Мир в этом спектакле Додина – весом, груб, зрим и ограничен этими своими качествами. И человек – только часть этого мира, поэтому состоит исключительно из физических импульсов и инстинктов. Причем из всех инстинктов побеждают самые разрушительные.

Гертруда, например, начисто лишена материнских качеств. И с первых мгновений подстрекает Клавдия избавиться от Гамлета, с животным неистовством защищая обретенную ею, наконец, удовлетворенность – и половую, и властную. Не знаю, насколько легко удалось Ксении Раппопорт вытравить из себя чарующую женственность, но она это сделала: перед нами – женщина-монстр, так что ассоциации с леди Макбет возникают задолго до того, как она произнесет упомянутую фразу-маркер. И действительно, стоило перечитать Саксона Грамматика, датского историка второй половины XII века, автора «Саги о Гамлете» в рамках обширного исторического труда «Деяния датчан», дабы обнаружить, что исторический Гамлет-отец был далек от портрета идеального правителя, нарисованного Шекспиром – чтобы поверить Гертруде, уверяющей Гамлета, что отца его отличали «узколобость, непреодолимое желание унижать» и еще целый набор подобных качеств тирана-завоевателя, стоивших Гертруде седых волос. Эффектный эпизод, когда актриса снимает мальчиковый парик и обнаруживает копну кудрей с белыми прядями, превращает, однако, героиню вовсе не в страдающую женщину, которую хочется пожалеть и оправдать, а, натурально в ведьму.
Тех, кто идет на спектакль с надеждой посочувствовать герою Данилы Козловского, тоже ждет разочарование. Актер четко выполняет задачи режиссера и к герою безжалостен: слезы омывают лицо этого принца лишь в первой сцене, далее побеждает холодный расчет, плохо скрываемый под маской безумия. Додинский Гамлет хочет власти и только. Впрочем, когда в разгар серьезной работы – создания пьесы «Мышеловка» из реплик всеми известной пьесы «Гамлет» – к нему откуда-то прилетают розовые кружевные трусики, он на какое-то короткое время хочет и Офелию, спускается в подвал, подальше от зрительских глаз, чтобы потом подняться по соседней лестнице и прочитать монолог «Быть или не быть». Монолог выглядит декламацией отличника: смерть для этого Гамлета – тема не слишком привлекательная, гораздо более убедительно звучит упрек Клавдию, что он стоит между ним и престолом (у Пастернака «меж мною и народом», да и текст этот Гамлет произносит Горацио, а не в лицо королю, но Додин всё обостряет до предела). В этот момент Офелии уже нет – но Гамлет за время путешествия в Англию умудряется о ней забыть: любить простодушную девочку больше, чем сорок тысяч братьев – не его тема. В своем желании вернуть трон он – достойный сын своей матери.

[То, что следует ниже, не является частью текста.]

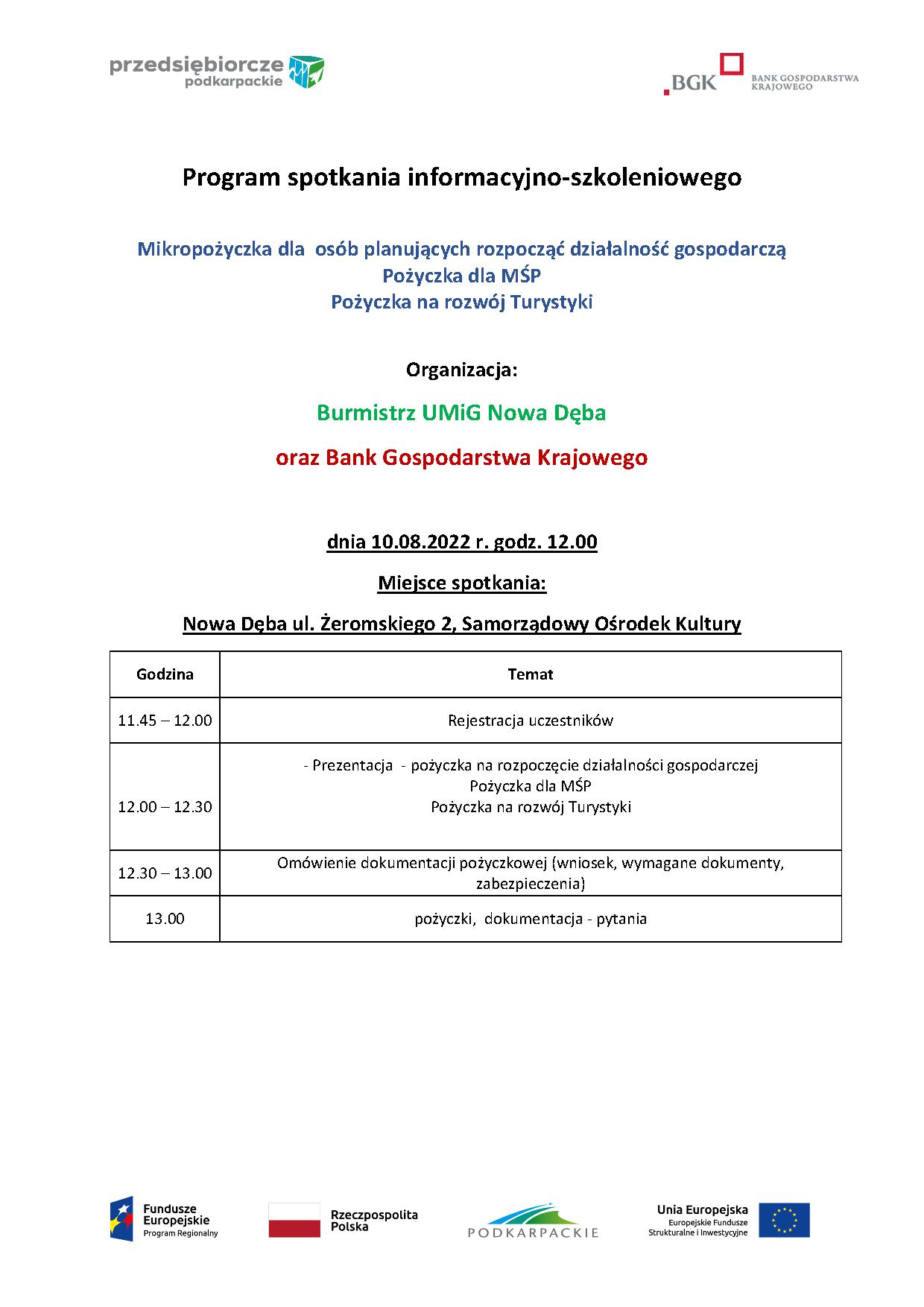 Zapraszamy na spotkanie informacyjno-szkoleniowe dotyczące wsparcia rozpoczęcia działalności gospodarczej oraz pożyczek dla MŚP

Единственные слезы, которые заслуживают сочувствия в этом спектакле – слезы Офелии – Лизы Боярской, которая отчаянно и мучительно не узнает «своего принца». Этот её долгий взгляд в сцене первого же их свидания, пытливый, пронзительный, неотрывный – убеждает, что сумасшествие Офелии связано исключительно с переменами в Гамлете, а вовсе не со смертью брата (хлопотливый, недалекий, как положено, Полоний – Станислав Никольский здесь – брат, а не отец Офелии).

Впрочем, как только про главных героев всё становится кристально ясно, в действие вступает пространство Александра Боровского и три актера, которые наделены именами Марцелл, Бернардо (у Шекспира – офицеры патрульной службы) и Горацио. «На свете много есть того, что сцене вашей и не снилось», – говорит им Гамлет при встрече, но это, пожалуй, вряд ли. Актеры поднимаются по вертикальным лестницам откуда-то из-под сцены – и, зная пристрастие Додина к сценическому символизму, можно сразу сказать, что только они, по мнению режиссера, и достойны какой-никакой, а вертикали. Актеров играют корифеи труппы – причем, с первого взгляда узнается лишь Игорь Иванов, Сергея Курышева и Сергея Козырева в облике седовласых и седобородых старцев сразу и не признать. Внутри белого колодца (а стены здесь до поры до времени укутаны белоснежными полотнищами) с красными тряпичными всполохами на костюмах они, эти бродячие актеры-мудрецы выглядят едва ли не волхвами-пророками. Да и слова их доходят до ума, до сердца, до печенок – самый что ни на есть классический шекспировский текст звучит, как текст передовицы. «Прелюбодейство? Это не проступок// За это не казнят, ты не умрешь.// Совокупляйтесь! Мне нужны солдаты» – произносит Иванов текст Лира, попутно оправдывая смертный грех Гертруды. «Купи себе стеклянные глаза – и делай вид, как негодяй-политик, что видишь то, чего не видишь ты», – тут уже, думаю, можно без комментариев.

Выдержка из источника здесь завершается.